EXERCISE
When you write out the records, keep every word exact and drop the pictures.

Records drawn from a dataset
■ ■ ■ ■ ■
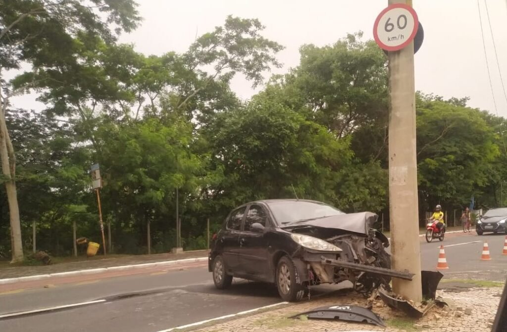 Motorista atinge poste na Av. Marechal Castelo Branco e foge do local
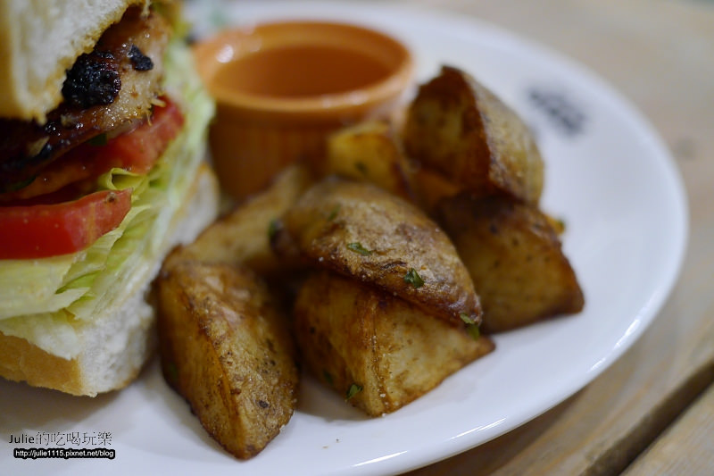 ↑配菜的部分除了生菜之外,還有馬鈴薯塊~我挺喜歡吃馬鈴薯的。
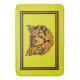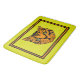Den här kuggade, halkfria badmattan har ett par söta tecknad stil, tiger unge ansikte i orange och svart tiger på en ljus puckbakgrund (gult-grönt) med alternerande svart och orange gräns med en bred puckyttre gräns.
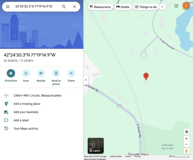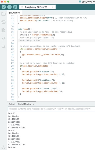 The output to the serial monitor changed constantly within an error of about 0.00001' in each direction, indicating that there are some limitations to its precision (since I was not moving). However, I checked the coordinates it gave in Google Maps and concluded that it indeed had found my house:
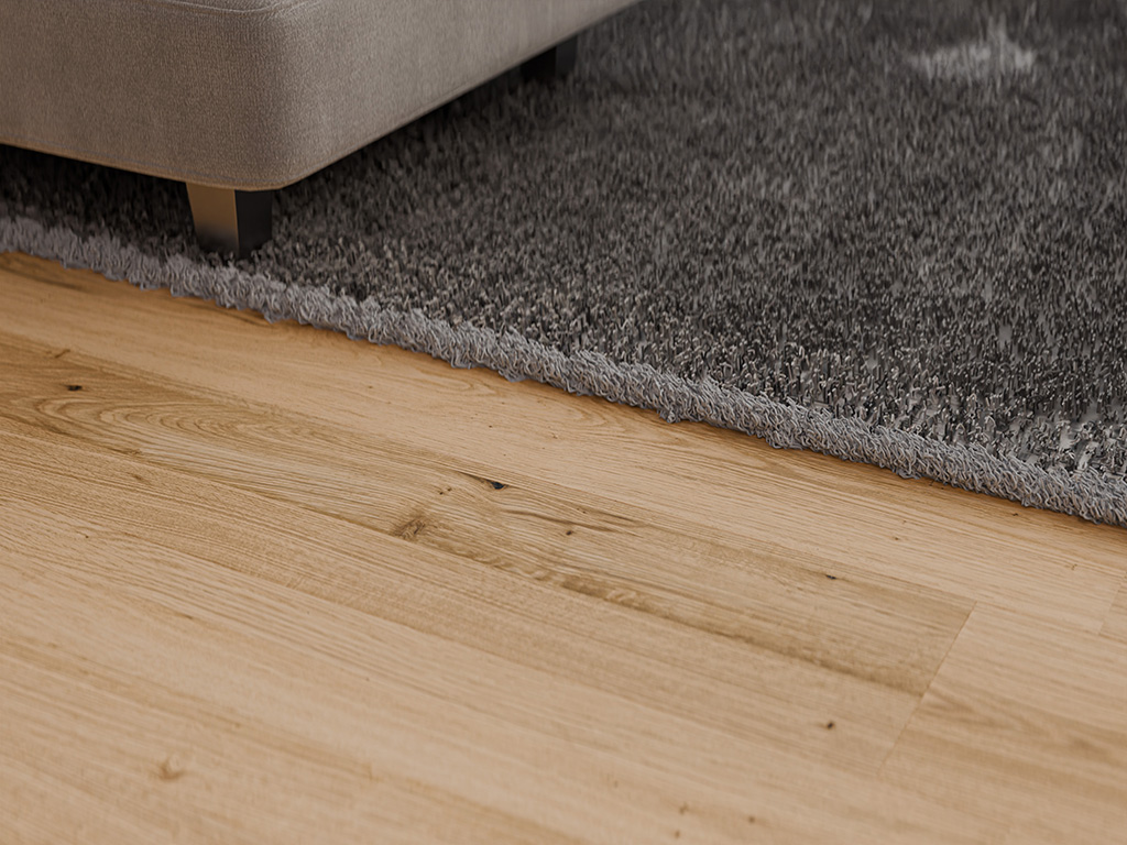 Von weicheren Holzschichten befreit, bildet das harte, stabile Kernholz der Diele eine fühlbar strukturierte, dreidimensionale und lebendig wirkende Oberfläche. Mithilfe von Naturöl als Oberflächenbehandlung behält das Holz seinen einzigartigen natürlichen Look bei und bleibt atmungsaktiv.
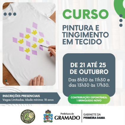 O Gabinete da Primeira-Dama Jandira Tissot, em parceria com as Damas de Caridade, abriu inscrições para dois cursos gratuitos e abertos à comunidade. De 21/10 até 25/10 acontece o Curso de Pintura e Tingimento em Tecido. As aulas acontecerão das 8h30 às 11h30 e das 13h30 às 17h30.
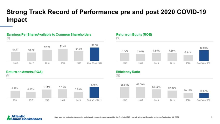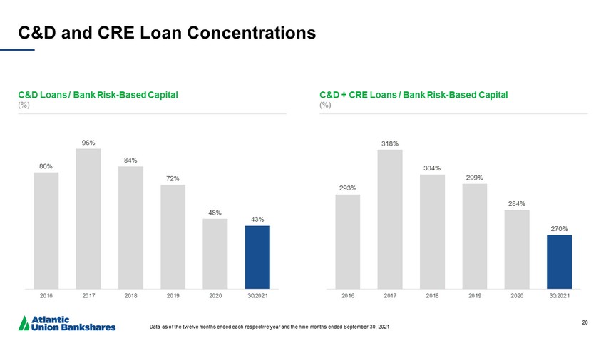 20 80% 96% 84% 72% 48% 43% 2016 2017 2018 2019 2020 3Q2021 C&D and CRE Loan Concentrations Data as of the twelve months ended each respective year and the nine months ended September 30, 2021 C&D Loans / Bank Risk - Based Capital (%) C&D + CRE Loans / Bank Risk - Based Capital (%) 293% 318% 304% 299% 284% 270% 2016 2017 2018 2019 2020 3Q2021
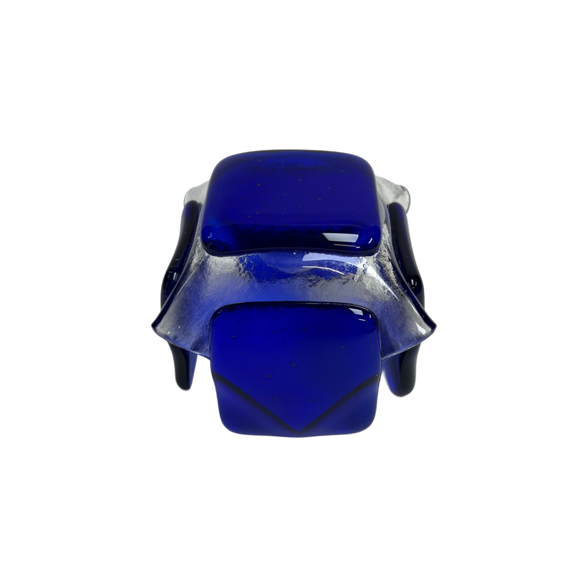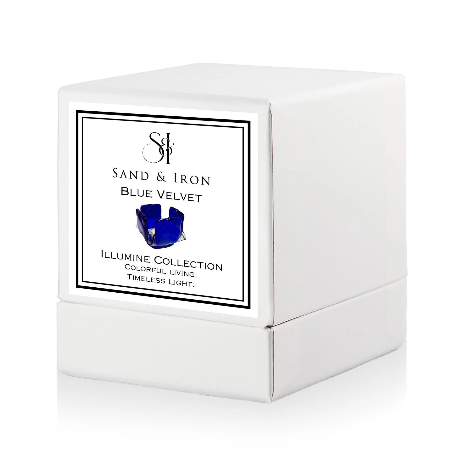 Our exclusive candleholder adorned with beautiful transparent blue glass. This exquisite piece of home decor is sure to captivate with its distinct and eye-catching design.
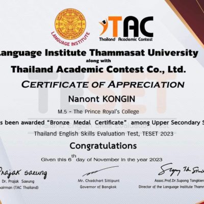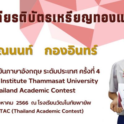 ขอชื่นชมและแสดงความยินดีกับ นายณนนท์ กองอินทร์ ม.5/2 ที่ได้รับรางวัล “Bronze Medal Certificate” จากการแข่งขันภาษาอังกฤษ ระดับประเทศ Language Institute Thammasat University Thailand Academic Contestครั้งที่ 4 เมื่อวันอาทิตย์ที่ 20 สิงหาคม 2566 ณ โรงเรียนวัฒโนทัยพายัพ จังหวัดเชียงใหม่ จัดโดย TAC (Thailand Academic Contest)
■ ■ ■ ■ ■
REPLY
 Motorista atinge poste na Av. Marechal Castelo Branco e foge do local
 ↑配菜的部分除了生菜之外,還有馬鈴薯塊~我挺喜歡吃馬鈴薯的。
Den här kuggade, halkfria badmattan har ett par söta tecknad stil, tiger unge ansikte i orange och svart tiger på en ljus puckbakgrund (gult-grönt) med alternerande svart och orange gräns med en bred puckyttre gräns.
 The output to the serial monitor changed constantly within an error of about 0.00001' in each direction, indicating that there are some limitations to its precision (since I was not moving). However, I checked the coordinates it gave in Google Maps and concluded that it indeed had found my house:
 Von weicheren Holzschichten befreit, bildet das harte, stabile Kernholz der Diele eine fühlbar strukturierte, dreidimensionale und lebendig wirkende Oberfläche. Mithilfe von Naturöl als Oberflächenbehandlung behält das Holz seinen einzigartigen natürlichen Look bei und bleibt atmungsaktiv.
 O Gabinete da Primeira-Dama Jandira Tissot, em parceria com as Damas de Caridade, abriu inscrições para dois cursos gratuitos e abertos à comunidade. De 21/10 até 25/10 acontece o Curso de Pintura e Tingimento em Tecido. As aulas acontecerão das 8h30 às 11h30 e das 13h30 às 17h30.
 20 80% 96% 84% 72% 48% 43% 2016 2017 2018 2019 2020 3Q2021 C&D and CRE Loan Concentrations Data as of the twelve months ended each respective year and the nine months ended September 30, 2021 C&D Loans / Bank Risk - Based Capital (%) C&D + CRE Loans / Bank Risk - Based Capital (%) 293% 318% 304% 299% 284% 270% 2016 2017 2018 2019 2020 3Q2021
 Our exclusive candleholder adorned with beautiful transparent blue glass. This exquisite piece of home decor is sure to captivate with its distinct and eye-catching design.
 ขอชื่นชมและแสดงความยินดีกับ นายณนนท์ กองอินทร์ ม.5/2 ที่ได้รับรางวัล “Bronze Medal Certificate” จากการแข่งขันภาษาอังกฤษ ระดับประเทศ Language Institute Thammasat University Thailand Academic Contestครั้งที่ 4 เมื่อวันอาทิตย์ที่ 20 สิงหาคม 2566 ณ โรงเรียนวัฒโนทัยพายัพ จังหวัดเชียงใหม่ จัดโดย TAC (Thailand Academic Contest)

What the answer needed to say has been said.